One-click Feedback


It should be easy for app users to give feedback. Like, really easy. A couple clicks- boom boom. But in order for it to be most valuable for Product, that feedback must come stapled with awesome context and data.

Duolingo seems to nail feedback- at least for internal testing. In How dogfooding helps us build a better Duolingo, employees at the company get a special beta version of the app that features Shake-to-Report:

Shake-to-Report works pretty much exactly how it sounds: if an employee encounters a bug while using the app, they can shake the device (or on Web clients, click a button), which pulls up an internal bug report form…

To help diagnose bugs, reports automatically contain a screenshot and a host of metadata, including the experiments in which the user is currently treated, the user’s device and app version, and the user’s specific course and lesson data. We include a unique Fullstory recording in every bug report that shows what a user was doing in the app before they experienced a bug. Shake-to-Report bugs also contain a log file, which is particularly useful as engineering teams often add log statements at different points to help debug issues.

Duolingo hits the trifecta: Shake-to-Report is fast, valuable, and delightful. Imagine being a Duolingo employee, identifying a bug, and getting giddy at the idea of sharing it with your team…

I believe dogfooding is a critical part of every well-crafted product. In fact, I believe a lack of it is an existential risk to my startup. Nevertheless, my team does periodically use the product. Our Sales team demos it, Customer Success trains new customers on it, and Engineering continuously tinkers in it (albeit in dev branches). So, it got me thinking… how do we make feedback easy, fun, and valuable for our team?

Right now, we’re likely doing what most startups do: we have #feedback and #bugs Slack channels. We encourage all team members to share their thoughts in those. However, I noticed something alarming: in the past two months, 79% of our feedback came from only three of our twenty employees.

I find this problematic, because it’s unlikely that our smart, talented workforce does not have an opinion of their company’s output. There’s a multitude of reasons why this imbalance exists:

  • Cultural: Those top three employees likely have more intense ownership of the product and a personal incentive of fixing it. The rest of the team might not think it’s part of their job or fear their feedback is “bad” or “a waste of time”.
  • Exposure: Certain team members simply don’t use the product enough to develop thoughtful, pointed feedback (i.e. the no-dogfood conundrum)
  • Operational: Sharing feedback can be too time-consuming or difficult to express, causing people to give up. And when they do submit feedback but nothing changes, it creates apathy toward the process.

Leadership can do a better job with the cultural issue. I’m still a bit stumped on how exposure can be reckoned. This leads me to the rest of my thoughts on making feedback operationally better.

There is so much that we (and all startups) can do to make feedback-sharing better than a Slack channel. We should go as far as to productize internal feedback: consider and engineer the best damn internal feedback experience. Great internal feedback is a privilege. Unlike outside customers, communication and privacy barriers are significantly diminished. You all use the same apps. Decorum and polish can be kept to a minimum. And, feedback systems perfected internally could very well transcend into a customer-facing solution

This week, I vibe-coded a Google Chrome Extension only meant for my team. Now, during demos and prep calls, our team will be one click away from submitting feedback:

Extension Preview

In addition to a textbox, the submission captures your URL, triages it as a bug or feedback, and shares a screenshot upon request (the extension automatically captures your screen, saving you that extra step).
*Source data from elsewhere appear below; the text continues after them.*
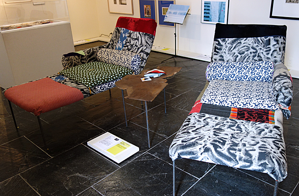 4th floor sofa work "earplugs" using the old cloth of the futon, which is exhibited in (1994, Franz West works), the can also be actually sit.
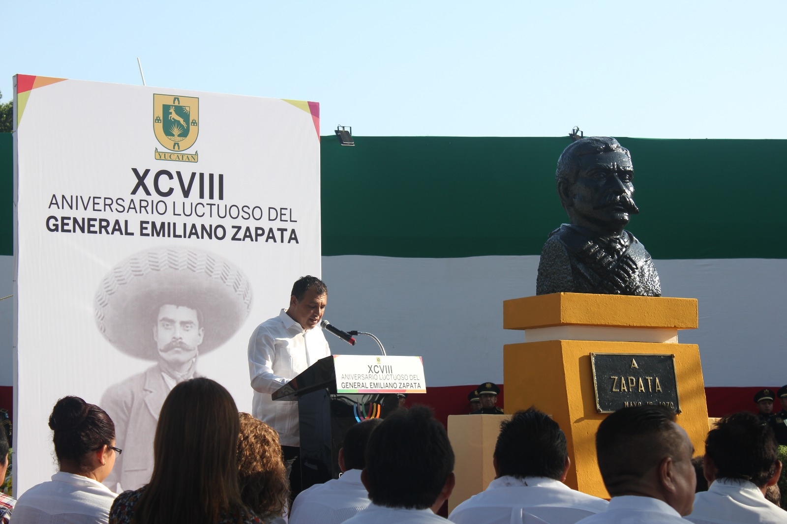 En la ceremonia, celebrada en el busto erigido en honor al General en la colonia Tanlum, el magistrado Santiago Altamirano Escalante pronunció una breve reseña del histórico personaje, ícono de la lucha campesina mexicana en los tiempos de la Revolución.
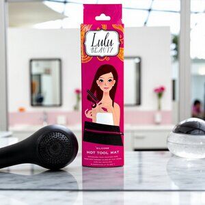 Keep your workspace protected with the Lulu Beauty Professional Silicone Heat Resistant Mat. Measuring 9x11 inches, this durable non-slip pad shields countertops and salon stations from the heat of styling tools up to 450°F.
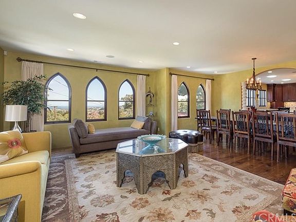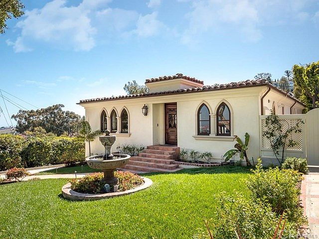This unique and newly custom built home is situated perfectly to take advantage of lovely and unexpected views of the canyon, the ocean, the harbor, the coastline, horizon and city lights. Walk across the hand-distressed solid oak floor to enter the kitchen, which is a chef's haven with upgraded professional stainless steel appliances, three ovens, a warming drawer, dishwasher, and two trash compactors.The Sub Zero fridge is the top of its class with more storage depth of any built-in. Walk through the barreled hallway with custom French chandeliers to enter the master retreat through the 100-year-old hand-carved door imported from Rajasthan and truly be taken to a land far away. The hand-applied custom Venetian plastered walls are only surpassed by the intricate ceiling relief detail. The master sitting area balcony opens to the most peaceful and serene songs of the canyon. The master closet is fit for a queen with custom solid wood cabinetry and glass enclosures. The master bath, with floor-to-ceiling imported Italian handmade tile, is ready your soak in the tub while watching the cruise ships go by or close your eyes to the sound of the birds singing in the trees. The downstairs built-in bar and grand room are waiting for your family gathering and the backyard with its grandfathered terraces are truly a lost old-world charm. The icing on the cake is the full solar system and air conditioning. With all this thought and attention to detail, you'll never want to leave home.
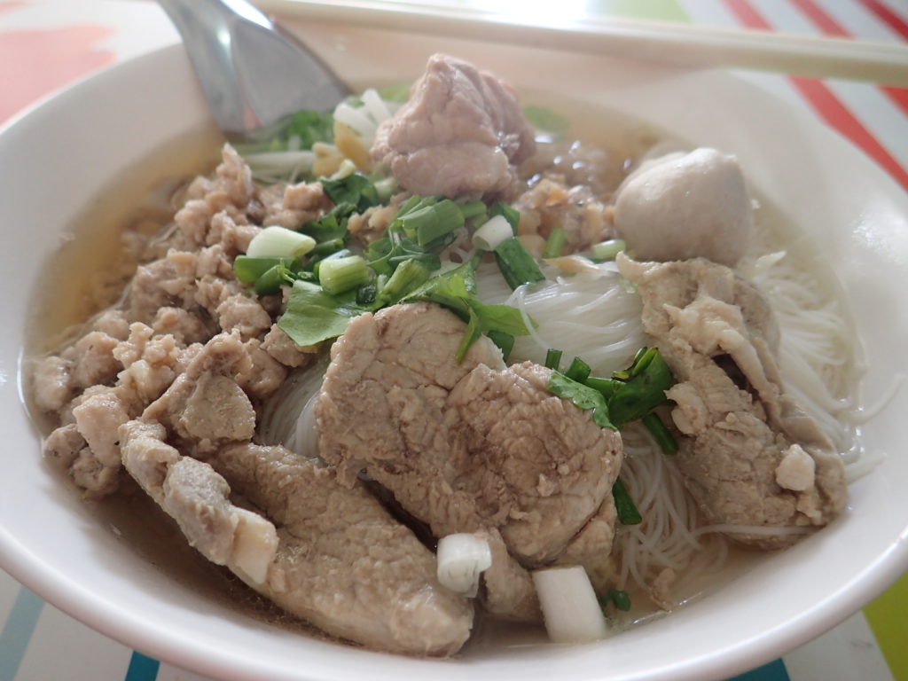 タイの代表的な麺、米粉のラーメンです。自分でお砂糖、ナンプラー、お酢、唐がらしを加えて味付けをします。どこのお店でも麺の写真付きのメニューを出してくれますので、指さし注文OKです。40バーツ(日本円で140円)
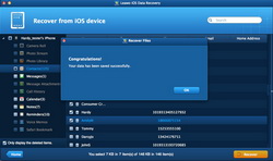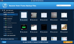 MacブックにLeawo iPhoneデータ復元 for Macインストール、実行して、「iOSデバイスから復元」選択してから、iOSデバイスをお使いのMacブックに接続してください。すると、ソフトは自動的にiOSデバイスをスキャンします。お使いのデバイスはiPhone 4やiPod touch 4である場合、DFUモード下でファイルを復元する必要があります。パート3をご参照ください。
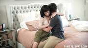 Брюнетки с короткими стрижками покрасовались перед сводным братом одной из них и запросто возбудили его дальше некуда. Цыпочки нарвались на ЖМЖ и сразу начали сосать член. После слюнявого отсоса подружки по очереди оседлали член и лицо чувака и получили нереальное удовольствие от кунилингуса и глубокого проникновения в вагины.
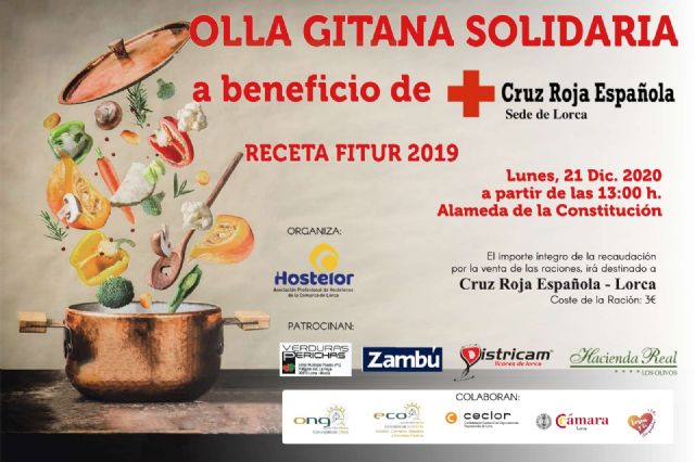 María Dolores Chumillas ha detallado que "la iniciativa 'Olla Gitana Solidaria' se llevará a cabo el próximo lunes, 21 de diciembre, cuando se reunirán en las cocinas de Hacienda Real Los Olivos diferentes cocineros de nuestra ciudad, como Roberto Rodríguez de 'Casa Roberto', Santiago de 'Mirrín', Pedro Lucas de 'Restaurante La Peña, José Antonio de 'Pizzería D´Antojo', Antonio Alegría de 'Tapería 4 Bellotas', Miguel de 'Mesón Lorquino', quienes elaborarán entre 500 y 600 raciones de olla gitana" y ha recordado que "se trata de la receta Fitur 2019".
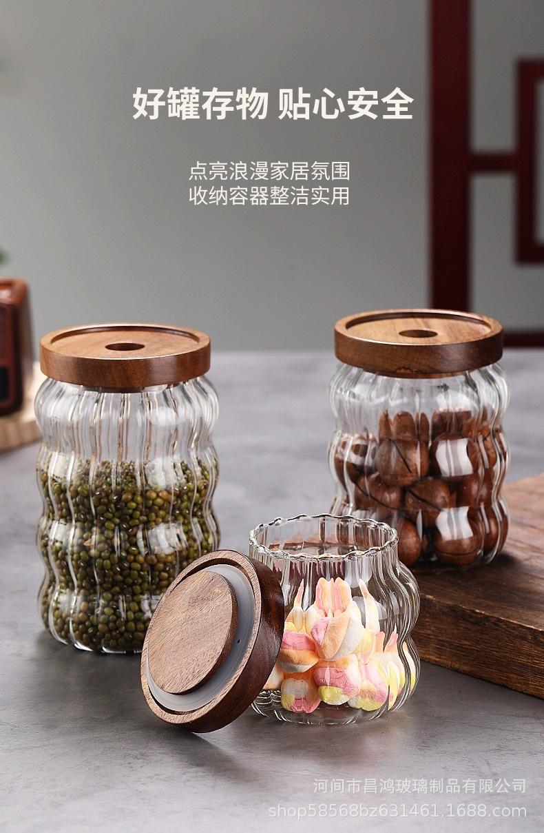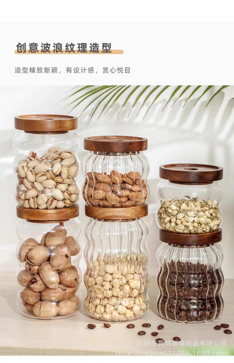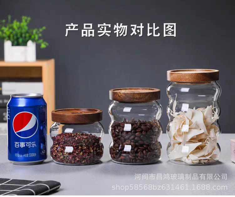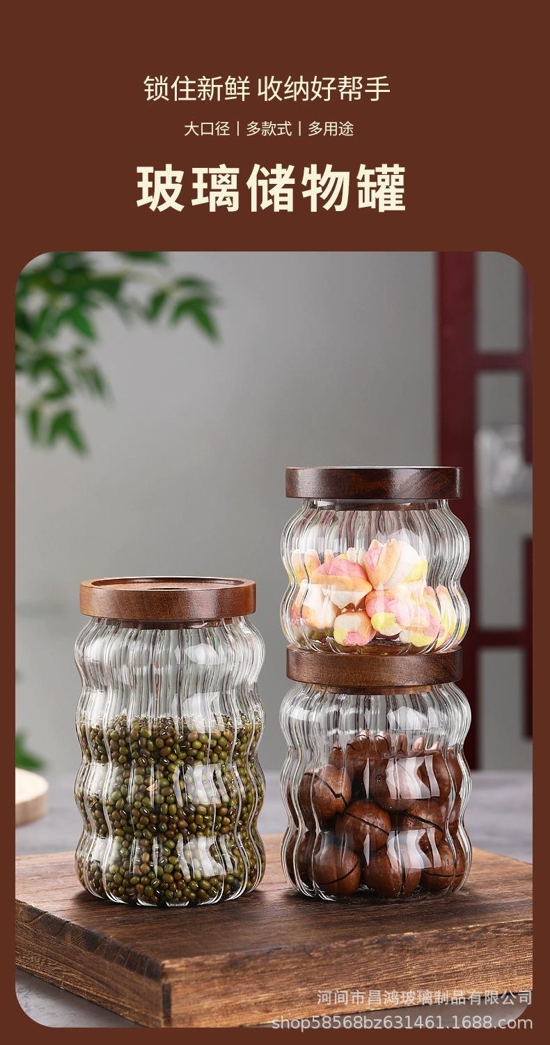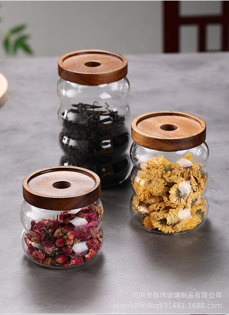Glass jar high borosilicate glass tea jar large capacity sealed jar kitchen storage jar with lid acacia wood storage jar
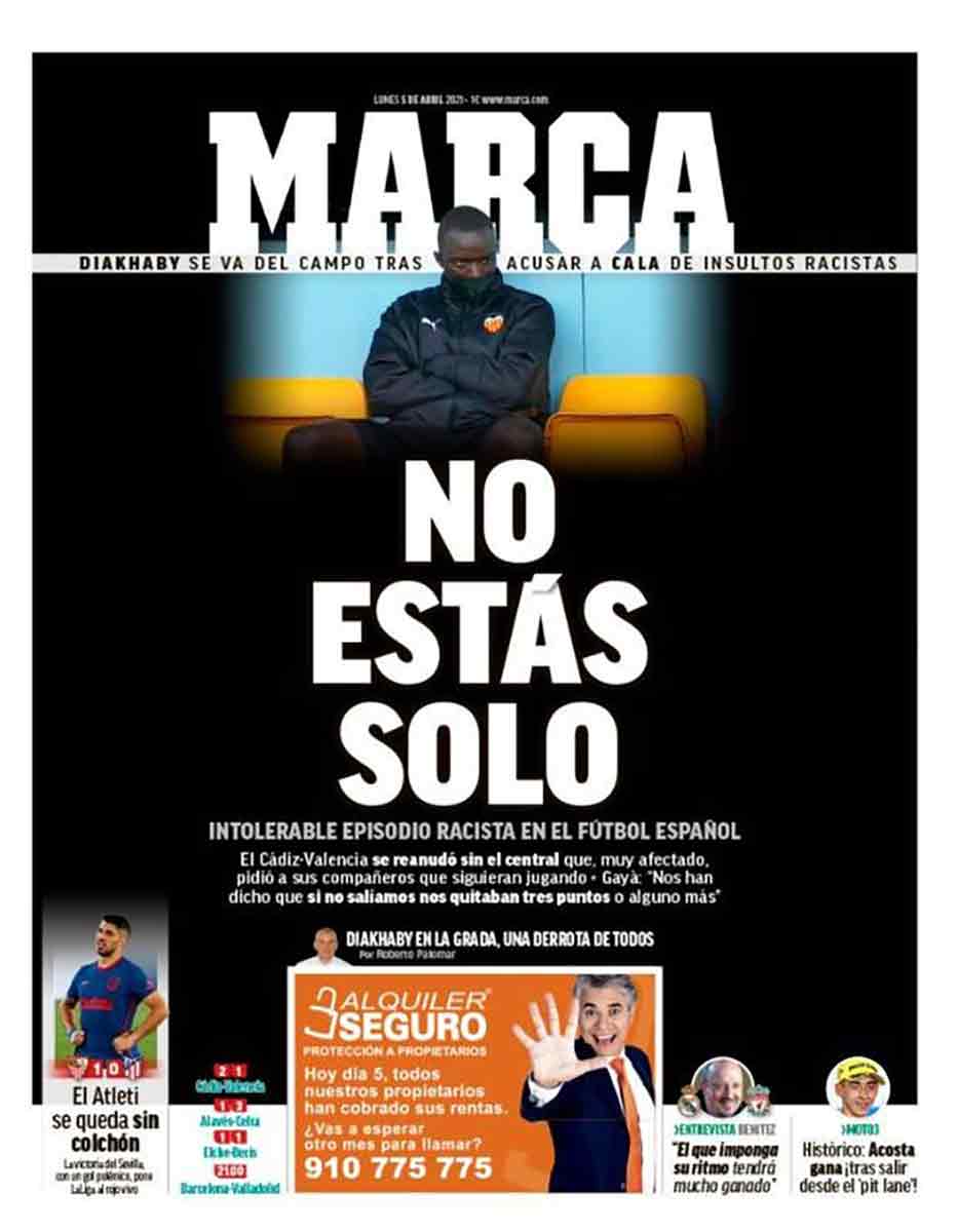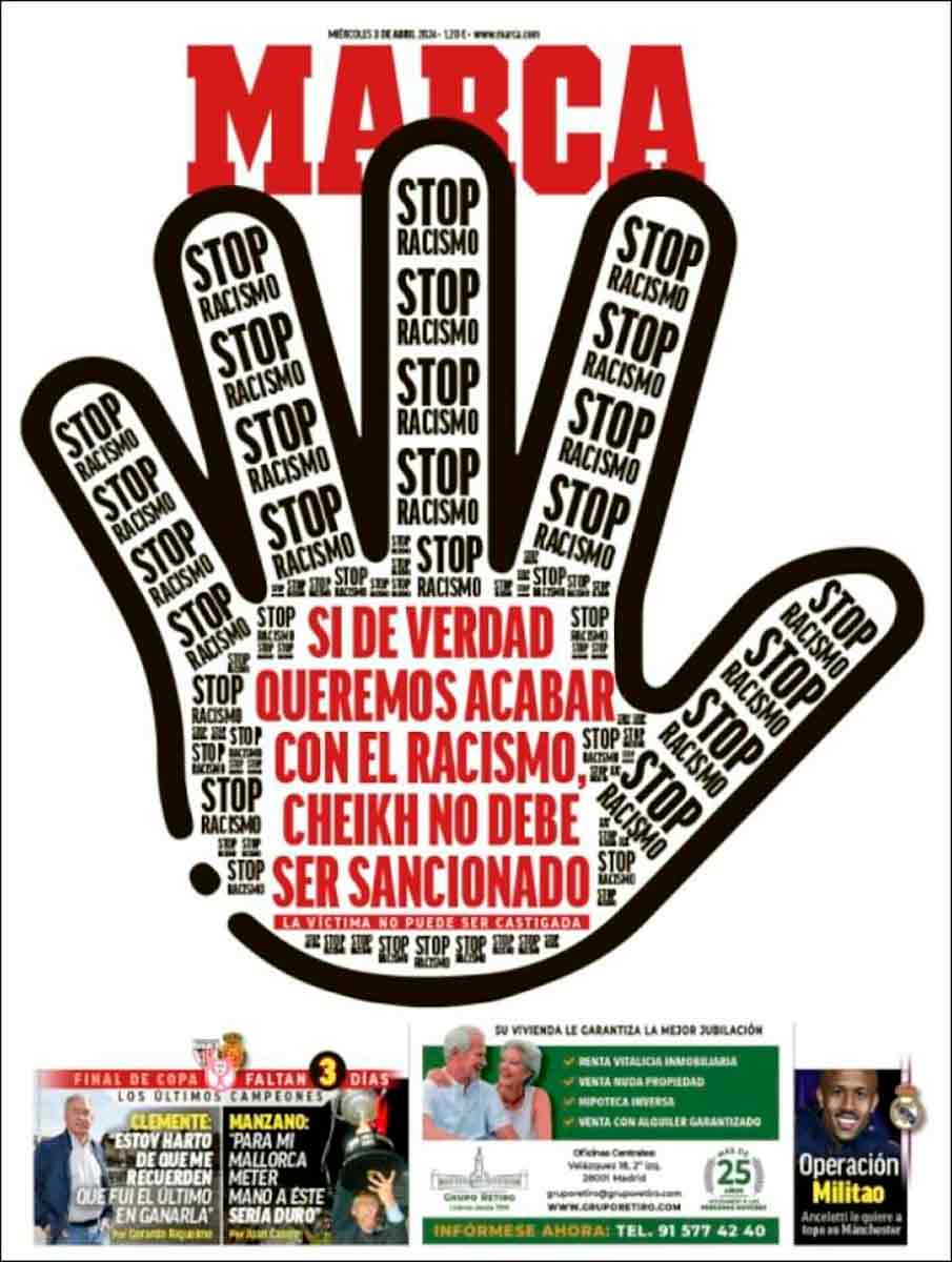 Sí, amigos. Marca se escandalizó ante unos hipotéticos (nunca se demostraron) denuestos racistas contra Diakhaby por parte de un jugador del Celta, y se vuelve a escandalizar ahora ante la posibilidad de que se sancione a Cheihk por haber reaccionado destempladamente contra el tipejo que profería insultos racistas contra él desde la grada. Ambas portadas, aun estando abiertas a matices, nos parecen bien. Lo que no nos parece bien es el sangrante contraste con la tibieza de Marca (cuidado: no es sólo Marca, sino que se trata de algo extensible a otros medios escritos y sobre todo a radios, televisiones y streamers) contra todo lo que hay entre Dhiakaby y Cheihk, o sea, contra al acoso a Vinícius, sistemáticamente minimizado en su importancia y con el foco puesto en el brasileño, como si en un orden natural de prioridades se impusiera el dejar claro lo mal que te cae Vini por encima de la lucha contra esta lacra.
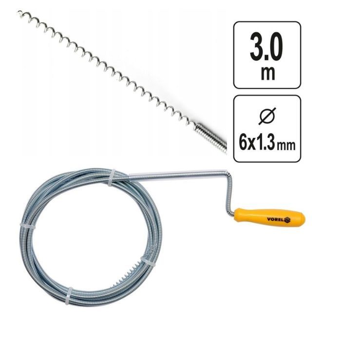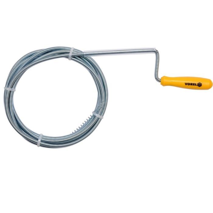 Трос пружний для чистки каналізаційних труб. Застосовується для видалення засмічень у трубопроводів. Довжина тросу складає 10 метрів, діаметр - 9 мм. Механічний принцип дії дозволяє легко та ефективно видаляти забруднення. Виготовлений з високоякісних матеріалів, що забезпечує його довговічність та надійність. Оснащений ручкою для зручного користування. Цей трос є незамінним інструментом для професіоналів та домашнього використання.
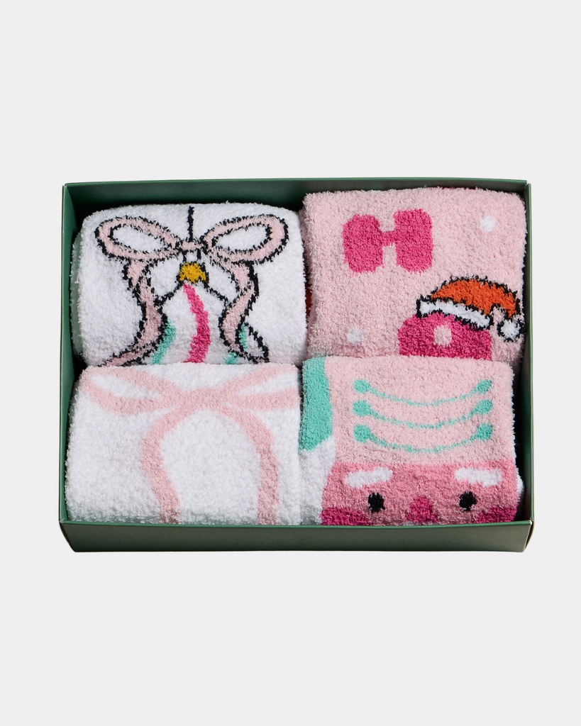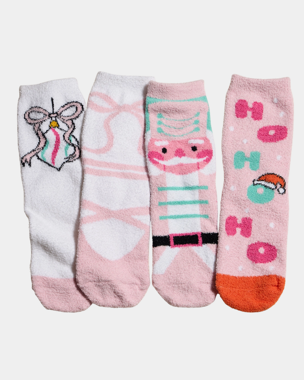 Get festive with this fun set of four fuzzy socks, featuring playful prints like Ho Ho Ho, Christmas ornaments, nutcrackers, and ribboned shoes. Perfect for cozying up and spreading holiday cheer.
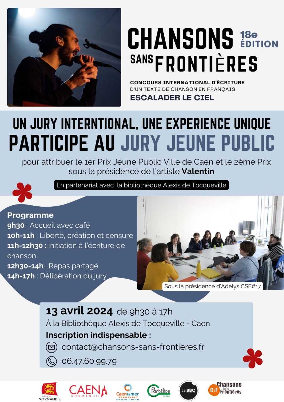 Du 13 au 14 avril 2024, en collaboration avec la Ville de Caen et la bibliothèque d'Alexis de Tocqueville, CSF organise le jury jeune public composé, de jeunes entre 17 et 30 ans pour élire les lauréats des :

In the future, I would love to attach each submission to a RUM log- exactly what Duolingo does with Fullstory. It would also be cool to remove the “Bug or Feedback” selector and just let AI triage it thanks to the added context. Hey, maybe even the textbox could be optional.

I’m obsessed with making feedback submission as fast and low-calorie as possible. I want five seconds to become two seconds. I want AI to do as much training as possible. I want Devin to solve the simple stuff. I want to create a magical feeling to our non-technical team that not only does their feedback matter, but it might be able to be resolved in the middle of the freakin’ demo.